I am working on the causal relationship between three macroeconomic variables. I found that the three variables are I(1) and cointegrated but the Granger causality test does not indicate any direction of causality between the series. Is it possible?
Causality is a subtle issue. You can justify it from long run economic theor. The johansen approach is often criticized because the cointegrated relationship is identified from a statistical and not economic point of view. Pesaran make one step ahead, he imposes long run relationship (also for coefficients) and test them statistically (based on the data).
Causality is a subtle issue. You can justify it from long run economic theor. The johansen approach is often criticized because the cointegrated relationship is identified from a statistical and not economic point of view. Pesaran make one step ahead, he imposes long run relationship (also for coefficients) and test them statistically (based on the data).

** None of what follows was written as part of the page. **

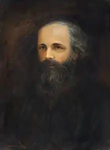 Maxwell was sent to the prestigious Edinburgh Academy.[31] He lodged during term times at the house of his aunt Isabella. During this time his passion for drawing was encouraged by his older cousin Jemima.[32] The 10-year-old Maxwell, having been raised in isolation on his father's countryside estate, did not fit in well at school.[33] The first year had been full, obliging him to join the second year with classmates a year his senior.[33] His mannerisms and Galloway accent struck the other boys as rustic. Having arrived on his first day of school wearing a pair of homemade shoes and a tunic, he earned the unkind nickname of "Daftie".[34] He never seemed to resent the epithet, bearing it without complaint for many years.[35] Social isolation at the Academy ended when he met Lewis Campbell and Peter Guthrie Tait, two boys of a similar age who were to become notable scholars later in life. They remained lifelong friends.[17]
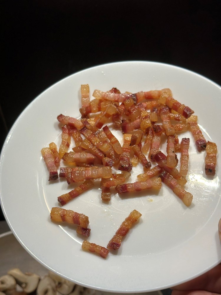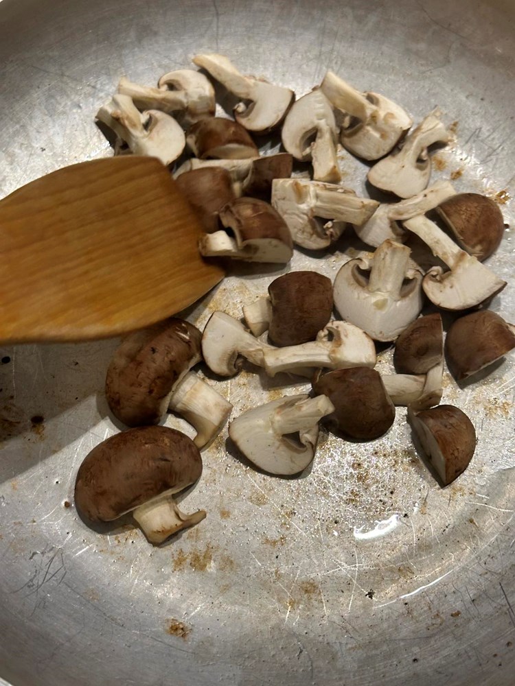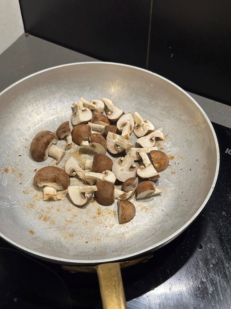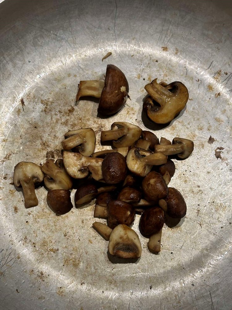 Na zagrijanu tavu u kojoj se nalazi mast od pancete stavite pržiti smeđe šampinjone koje ste prethodno narezali na četvrtine. Nakon cca. 5 minuta prženja nakon što su šampinjoni poprimili mjestimice smećkaste tonove maknite tavu s izvora topline.

The situation you describe is certainly largely possible, although the existence of cointegration puts some restrictions on the system. Helmut Lütkepohl has an example in his book New Introduction to Multiple Time Series Analysis (sect. 6.6, pp. 261-262). The problem of testing Granger causality in cointegrated systems appears to be complicated (see sect. 7.6). I once attempted a test like this as a by-product for a paper but decided not because there it would not have been worth the efforts. This should not deflect you from pursuing it.

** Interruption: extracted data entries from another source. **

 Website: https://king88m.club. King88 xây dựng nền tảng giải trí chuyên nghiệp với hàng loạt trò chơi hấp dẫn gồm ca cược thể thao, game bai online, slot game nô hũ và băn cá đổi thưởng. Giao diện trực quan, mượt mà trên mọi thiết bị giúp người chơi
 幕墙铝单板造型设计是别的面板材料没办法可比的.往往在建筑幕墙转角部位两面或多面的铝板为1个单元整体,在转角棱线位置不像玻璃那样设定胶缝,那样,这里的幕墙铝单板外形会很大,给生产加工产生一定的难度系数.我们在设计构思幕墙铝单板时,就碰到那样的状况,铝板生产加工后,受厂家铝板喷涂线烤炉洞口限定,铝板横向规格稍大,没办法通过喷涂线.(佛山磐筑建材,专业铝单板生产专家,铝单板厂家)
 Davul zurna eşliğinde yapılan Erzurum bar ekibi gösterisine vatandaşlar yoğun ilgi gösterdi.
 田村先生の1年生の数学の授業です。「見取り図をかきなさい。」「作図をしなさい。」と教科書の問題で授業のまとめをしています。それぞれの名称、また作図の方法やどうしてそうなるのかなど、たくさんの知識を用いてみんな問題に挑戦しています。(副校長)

It was one of the main results of the paper by Engle and Granger (1987, Econometrica) that they showed the equivalence of cointegration and error correction. This means that if there is cointegration then there must be error correction, and at least one of the variables (X1,say) in the (here, three-dimensional) system must react to the "long-run disequilibrium" (described by X2 and X3, say) and thus there must be some Granger causality, running from X2 and X3 to X1. This, of course, does not rule out that you may find statistical evidence that is intrinsically contradictory, such as evidence on cointegration but not on causality in any direction, the situation described here.
There are several problems with inferring causality from cointegrated models. While one of the objectives of a cointegrated VAR is to reduce the probability of a spurious regression, unless your variables have weak exogeneity and structural invariance leading to robust parameter constancy, there is no complete assurance that hidden endogeneity is not the real cause of what might appear to be a long-run causal relationship. If you can't prove a closed system and inclusion of all the relevant variables, it is possible that that one or more unknown variables is the source of what you appear to be a situation of long-term causality.
Moreover, there may be a simultaneous relationship between the first difference of x_t and the first difference of y_t, which a test for Granger non-causality among lags will miss, owing to the focus on predictive precedence rather than Geweke's focus on instantaneous simultaneity. After all, Granger causality will not accommodate non-linear models, contemporaneous simultaneity, omitted variable bias, highly collinear time series without an adequate set of lags or sample size.
Yes, it is possible. Cointegration is characterizing a long-run relationship between these variables without any commitment on causality. You mention that there is no causlaity - but: how did you test it? The test is usually applied to the differences which, if significant, will produce more convincing results. It is important to find the right number of lags.
You have to understand that equilibrium is not the natural state of things. Theoretically, we would like to assume that some sort of dynamic equilibrium exists. Perhaps it does within confined systems for short periods of time. However, nature is evolving. Nature is more like entropy in long run. The Bayesian framework accommodates this adaptation nicely, whereas in the frequentist state of mind, we often make unrealistic assumptions to support our conclusions--such that we have conducted monte carlo resampling of our dataset, which over the long-haul gives us confidence intervals that we really got from only one sample. You can if you're not careful about your sampling wind up with an unappy randomization.
The Granger causality test, is not a test on ausality, he called it causality in the sense of GRanger, but in fact you can't measure causality you are measuring other things.
When using the Johansen cointegration model, it is more appropriate to test for Granger causality within the model and not without (see, Lütkepohl, 1991, p. 35; Toda and Phillips, 1993). This amounts to testing for weak exogeneity among the variables concerned in the model.
Granger representation theorem asserts that cointegration implies causality so there should be error correction in at least one of the equation. The significance of error correction confirms long run causality from all right hand side variables to the left side variable. But software often report the results of short run causality (based on the restricted least square F or Chi Sq test) this is in differences of variablles. So i think it is quite possible that one can get results that may look contradictory as found by Mounir. Also i suggest to perform impulse response analysis since by definition of impulse responses (dyi,t+s/dej,t) there is possibility of contemporaneous causality (s=0) as pointed out by Robert Yafee.